I use the sum total myself and associate each position with the following values:
([1]x2^5) = 0 or 32, 100000 = 32,
([1]x2^4) = 0 or 16, 010000 = 16
([1]x2^3) = 0 or 8, 001000 = 8
([1]x2^2) = 0 or 4, 000100 = 4
([1]x2^1) = 0 or 2, 000010 = 2
([1]x2^0) = 0 or 1, 000001 = 1
total: 63 in vabue, 64 in position = 111111
[([0]x2^6)+([0]x2^5)+([0]x2^4)+([1]x2^3)+([1]x2^2)+([0]x2^1)+([1]x2^0)] = 13 = 8+ 4 + 1 = 2^3+2^2+2^0
= ([0] [111111] [0] [001101] [0] [001010] [ 0] [010111] [0] [010010] [0] [010101] [0] [011000] [ 0][0] [111111] [0] [111111])
= 011111100011010001010 0010111001001000101010011000001111110111111
I haven't finished or completed the codetrix yet, so I think you are free to do a better job. Maybe using binary without using base 64 is useful, I only used base 64, because in it there are only 9 digits plus the sign that stores 2 bits. Although I think the formulas will be more intended to turn texts into symbols. From the symbol it is easier to use direct binary.

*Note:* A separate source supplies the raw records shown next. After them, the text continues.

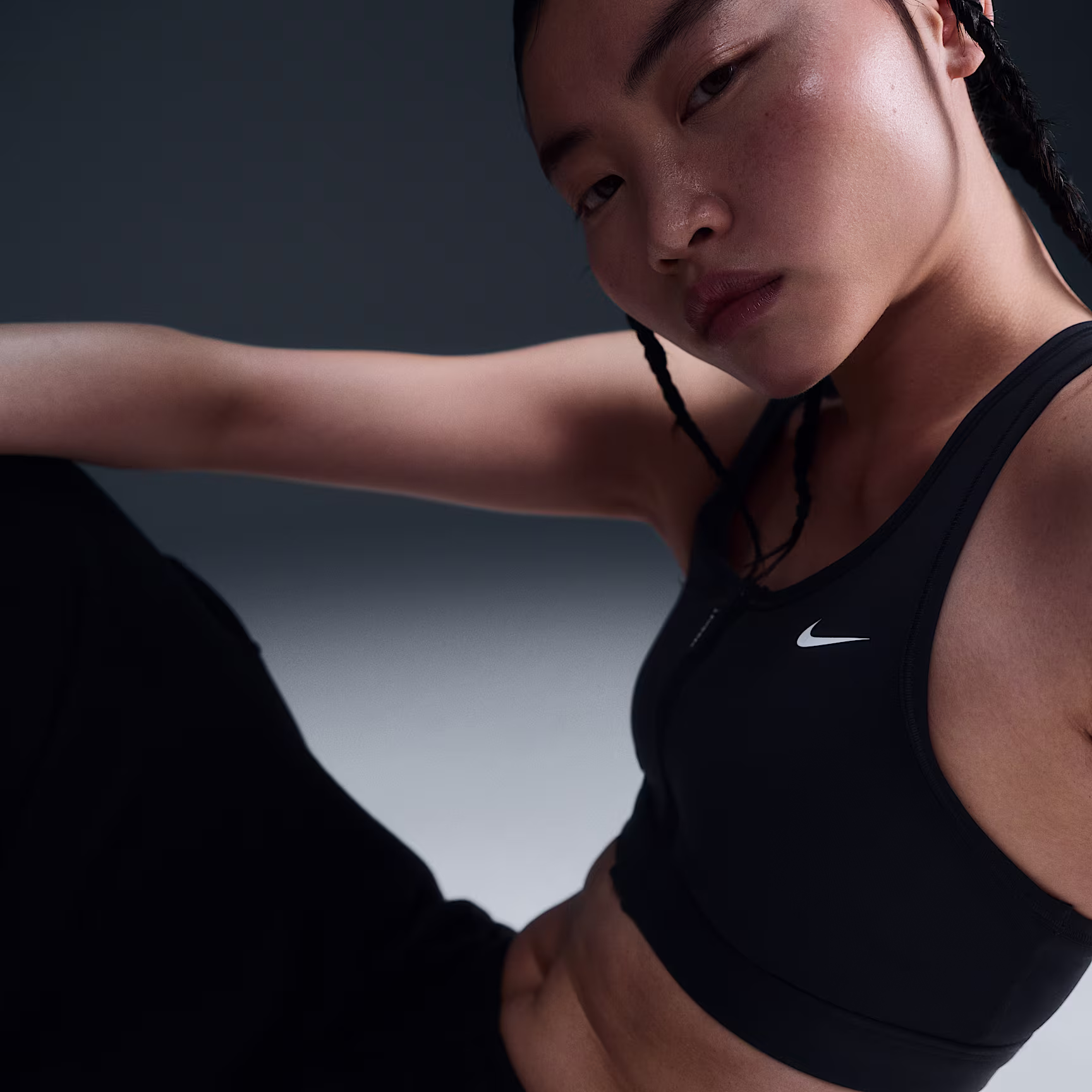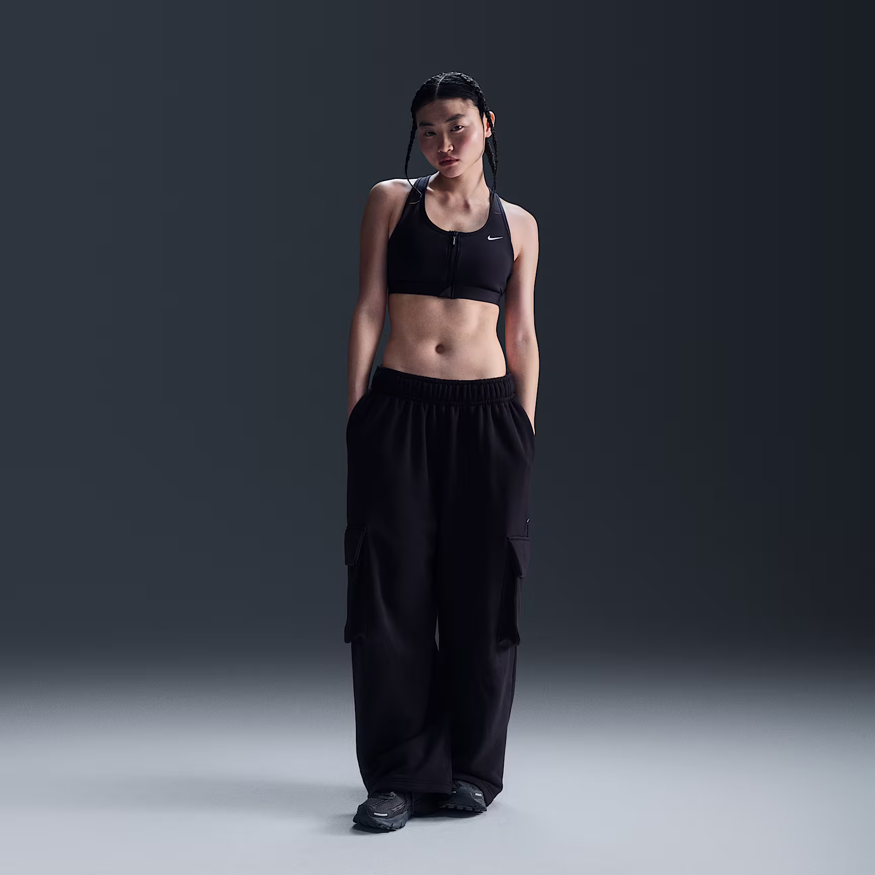 Getting in and out of your bra shouldn't be the hardest part of your workout. This Swoosh bra's front-zip design makes changing easier while still offering plenty of security with a semi-automatic locking zip. Great for training workouts and dance classes, its medium support gives you a snug hold that helps keep everything in place. Sewn-in pads stay in place so you can work hard without worrying about them shifting or folding. Plus, its sweat-ready, adaptive fabric quickly recovers its shape so you can stay comfortable throughout your workout.
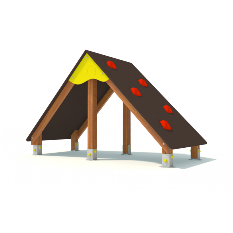 Casita de dos aguas para poder escalar en su tejado , realizada en madera tratada para su uso al exterior.
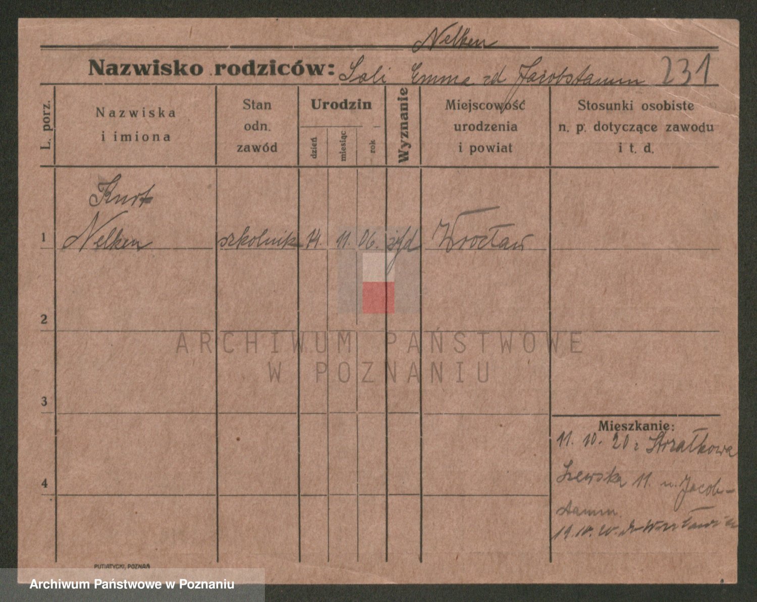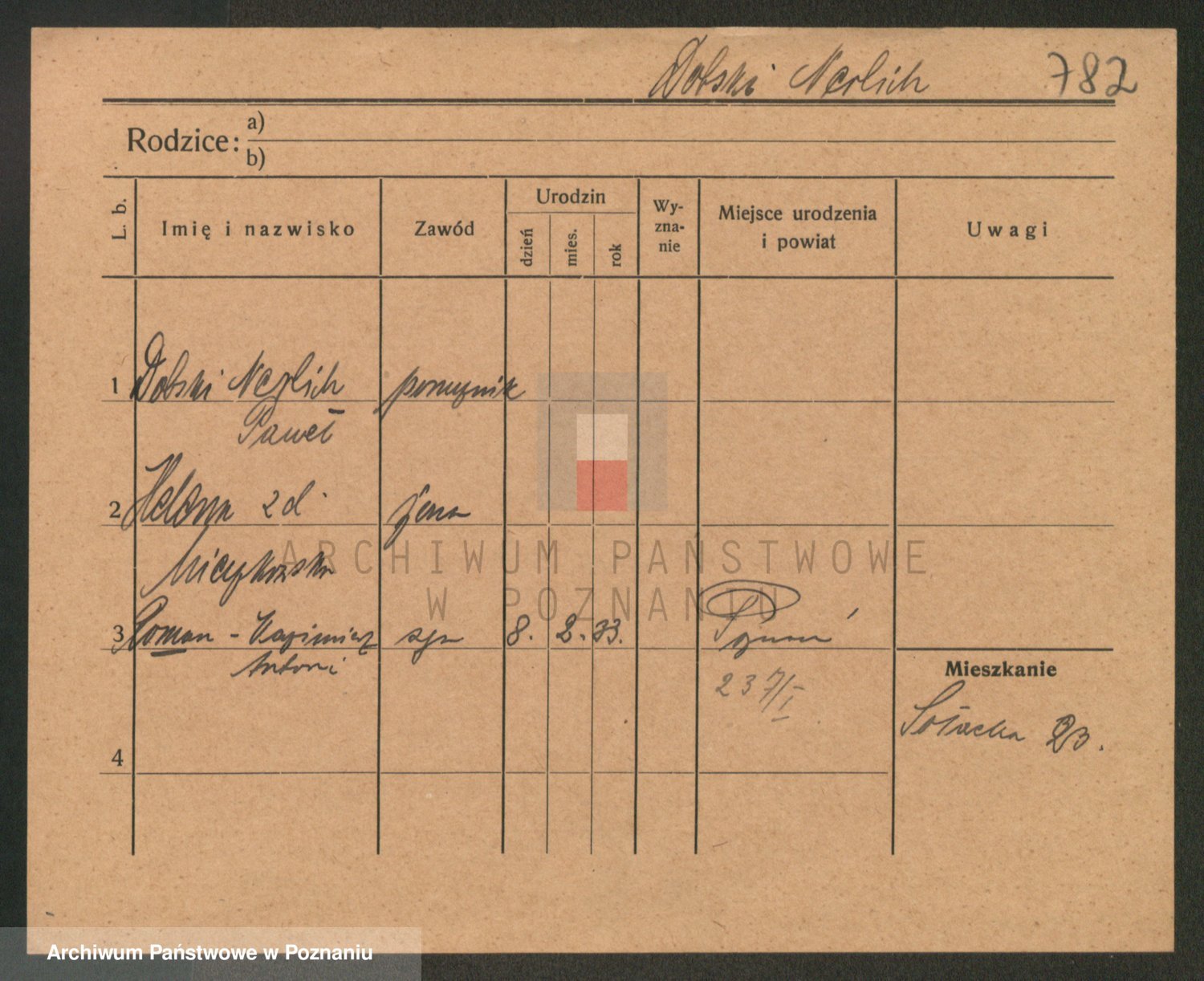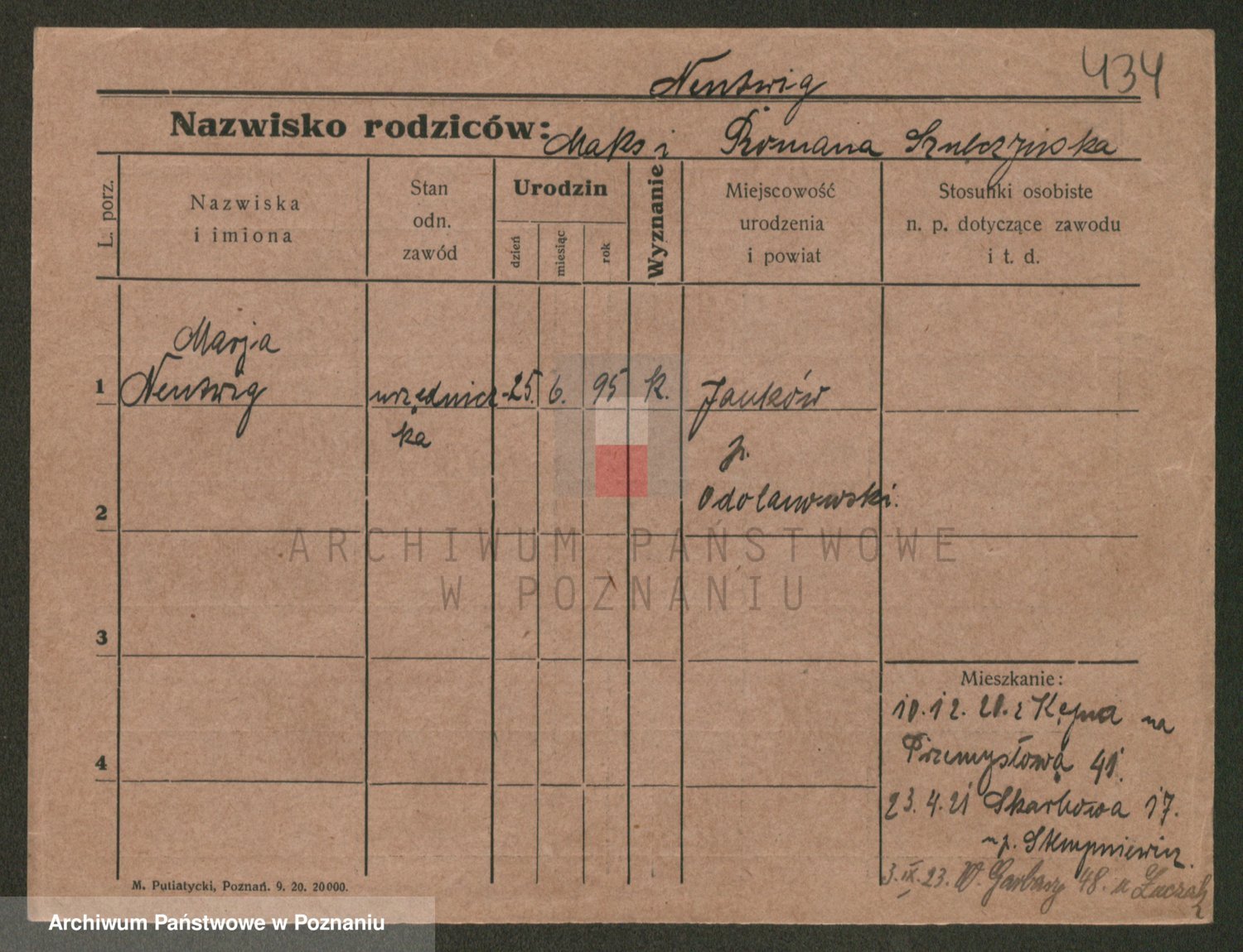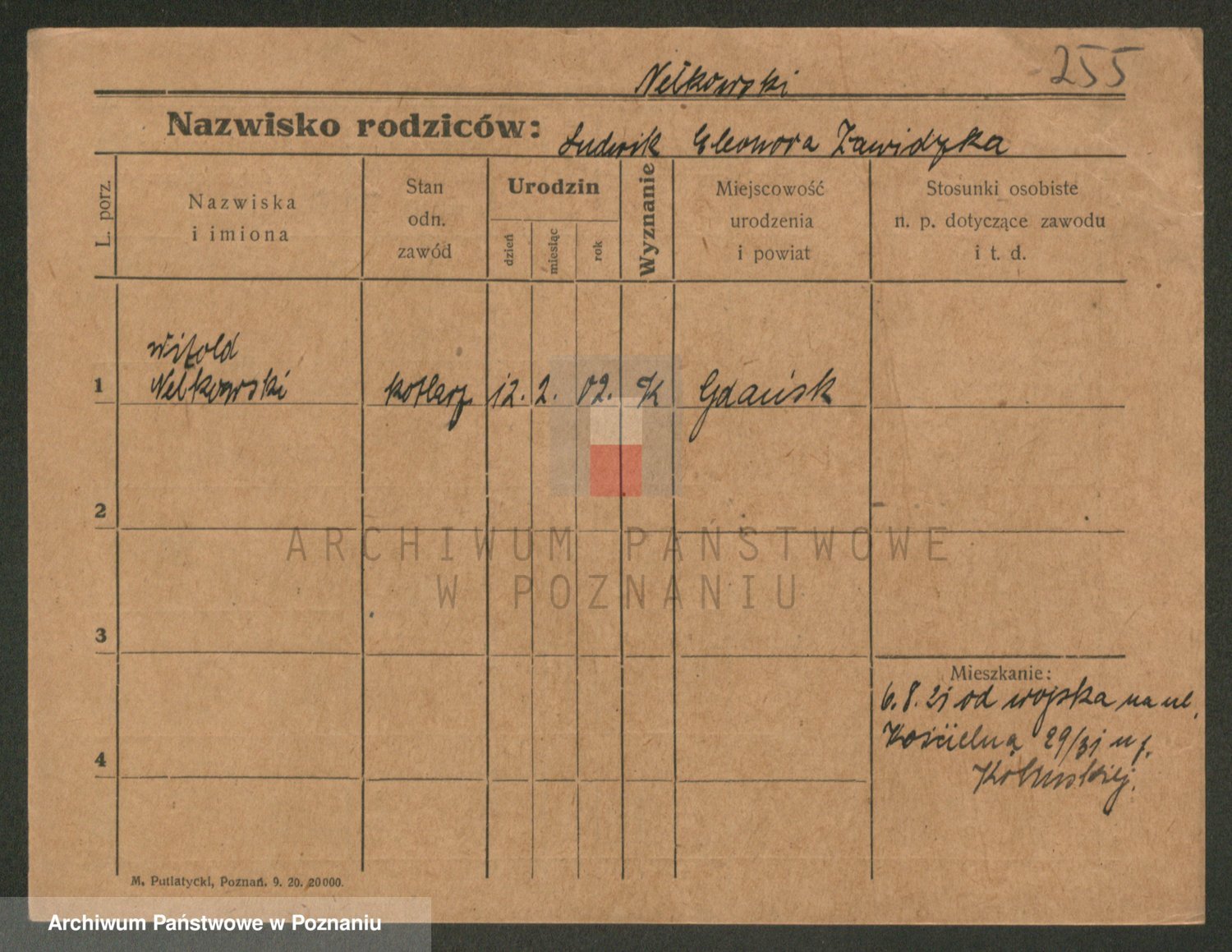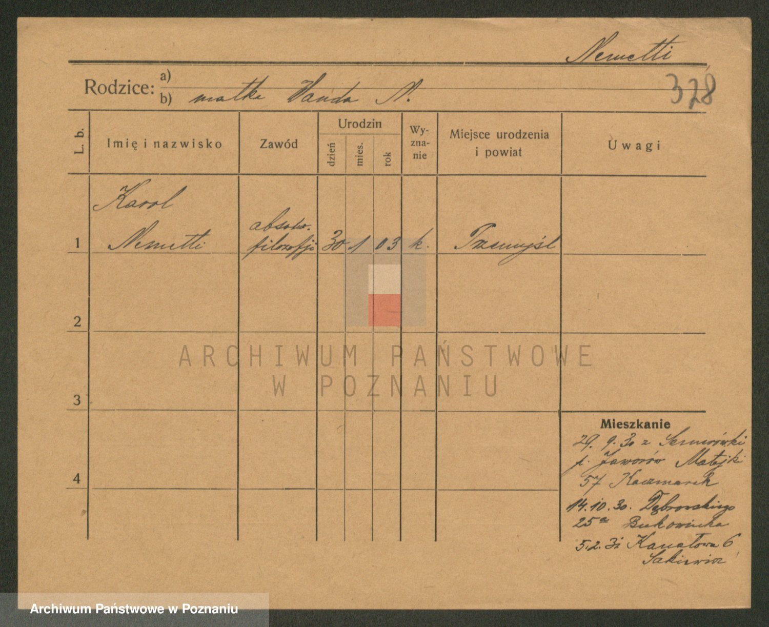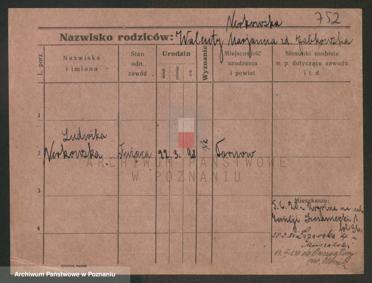 Podgląd karty osobowej dostępny jest po kliknięciu na nazwisko lub ikonkę karty. Można dokonywać powiększenia (ikony na górze) lub przechodzić między kolejnymi skanami (strzałki po bokach).

What does the binary code mean? '0' means it has no dash (so I put it as a default and '1' means it has the dash or the typographic part of the symbol. That way in general Codetrix will be just a beautiful name for binaries that bridge the text and Generatrix symbol For you know where you press on the keyboard, because converting text directly to generatrix has a problem: Generatrix does not allow to differentiate the same words, since they overlap. If you write AVA with the font, you will see that it has only 2 typographic particles because only A and V was considered. Being more suitable it turns AVA into base 64 using its position, where A is the 10th and V is the 31st, then in binary (remembering not to confuse ordinal and cardinal numbers) and finally the binary converting for the symbol.
Generatrix's goal is to compress information. We stopped writing more and started to process more information. For future goals, it would be the idea of being able to write entire pages of books in just one symbol. A wording on a symbol.
As you can see, this system of font have been made to be customizable and generated many symbols.
It is under the Creative Commons Non Commercial v3 license, so that everyone can adapt to their needs.